Presumably this is not the same greed that inspired ExxonMobil to wage a campaign of disinformation about climate change. Presumably we might also consider redirecting the primal human impulse of hate. We could get the Ku Klux Klan to buy "offsets" for lynchings in Mississippi ... It's the Devil's old remedy: If you're being poisoned to death, try taking more poison.
...
... It is not enough to acknowledge that global warming exists; we also need to ask what global warming means. Surely one thing it means is that a culture that has as its highest aim the avoidance of anything remotely resembling physical work must change its life
... But that is only half a meaning, less than half. We're told that "that science is all in on global warming" and that it's just about unanimous. ... But the science has also been in, and in for a while, and is every bit as unanimous in concluding that we are members of a single species, descendents of common ancestors -- family in every conceivable sense of the word. How can we imagine that we will address one overwhelming consensus of scientific opinion without having acted fully on the other? ...

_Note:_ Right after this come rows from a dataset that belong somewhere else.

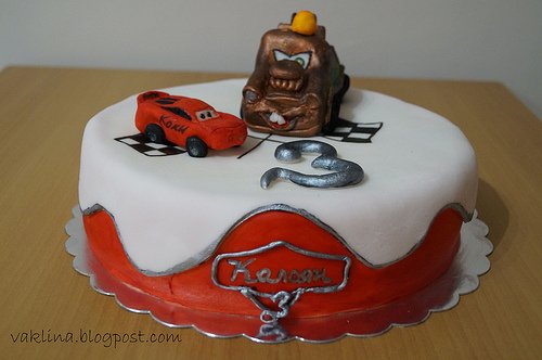 Ваклинче, тази тема ми е вече ултра мега изчерпана и смятам да преустановя направата на подобен род торти. Твоята е  много изчистена, което ми харесва, но по колите определено има какво да се изчиства. Матю е малко със страховит поглед, а той всъщност е един добряк. Абе като се загледам - тортата ми харесва на пръв поглед и това е важното, защото вярвам, че Калоян си я е харесал и познал кои са симпатягите върху нея.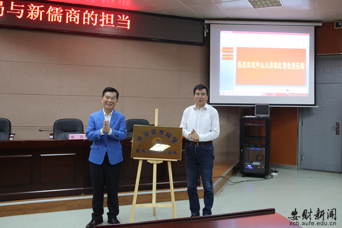 5月16日,“博鳌儒商论坛徽商文化研究基地”挂牌仪式在龙湖东校区研究生报告厅举行。博鳌儒商论坛理事长、中山大学黎红雷教授,安徽财经大学副校长程刚教授共同揭牌,文学院院长方军主持挂牌仪式,200多名师生和本地企业家代表参加。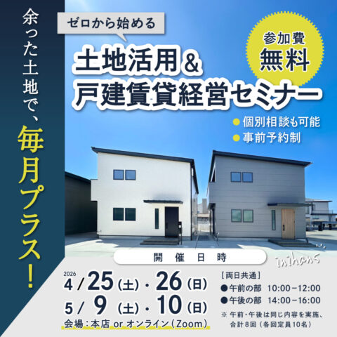 【無料セミナー】土地活用・戸建賃貸経営セミナー|余った土地で毎月プラス!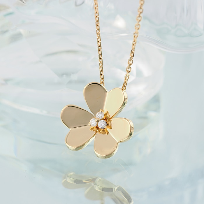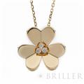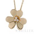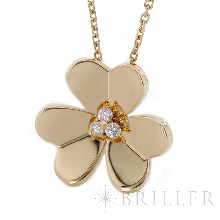 ヴァン クリーフ&アーペル フリヴォル ペンダント ネックレス ラージモデル イエローゴールド ダイヤモンド VCARC96800 Van Cleef & Arpels フランスに本店のあるハイジュエラー「ヴァンクリーフ&アーペル」。1906年に誕生し、数多くのセレブリティから愛されているブランドです。代表モデルの一つ「フリヴォル」コレクション。今ではアルハンブラと並びヴァンクリーフ&アーペルの代表コレクションの一つとして高い人気を誇ります。そよ風にゆれる花々からインスピレーションを得ており、立体的な花のモチーフが愛らしいです。こちらはイエローゴールドに中央にエメラルドをセッティング。華奢ながらも可愛らしいデザインです。 証明書日付 2020年5月 中古のお品物ではございますがご着用時に気になるような傷はございません。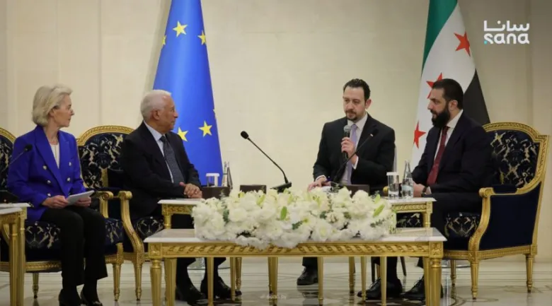 Սիրիայի նախագահ Ահմադ ալ-Շարաան ուրբաթ օրը Դամասկոսի Ժողովրդական պալատում հանդիպել է Եվրոպական խորհրդի նախագահ Անտոնիու Կոշտայի և Եվրահանձնաժողովի նախագահ Ուրսուլա ֆոն դեր Լեյենի և նրանց ուղեկցող պատվիրակության հետ, հաղորդում է SANA լրատվական գործակալությունը։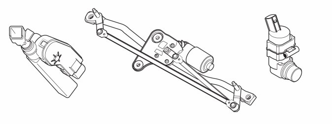 The windshield wipers are operated by a motor located beneath the plenum chamber cover. Washer jets are located on the hood and bumper shell for windshield and headlamp washing. The jets are connected to two different pump motors on the washer fluid reservoir, which is located at the front right of the engine compartment. One pump motor is used for high pressure washing of the headlamps while the other is used for windshield washing.
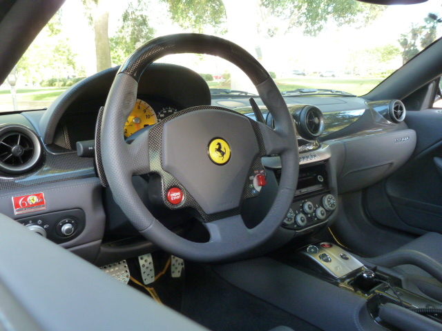 The interior is grey with carbon fiber.. As for the car, its pretty bad ass. The 458's transmission is def the better of the 2, but that doesnt mean the 599's is bad.. Id liken it to being close to a Lp560.. The sound of the 599 is to die for.. I know Alex spent countless hours tuning the sound to get it wheres it at.. Car is very comfortable all around.. quite abit different from feel from the 458..

To put that as succinctly as possible, the days of paradise for a few are drawing to a close. The game of finding someone else in some convenient misery to fight our wards, pull our rickshaws, and serve as the offset for our every filthy indulgence is just about up. It is either Earth for all of us or hell for most of us.
...
Those excerpts are taken from a blog that Grist runs, and as of this morning there are 46 comments raging there.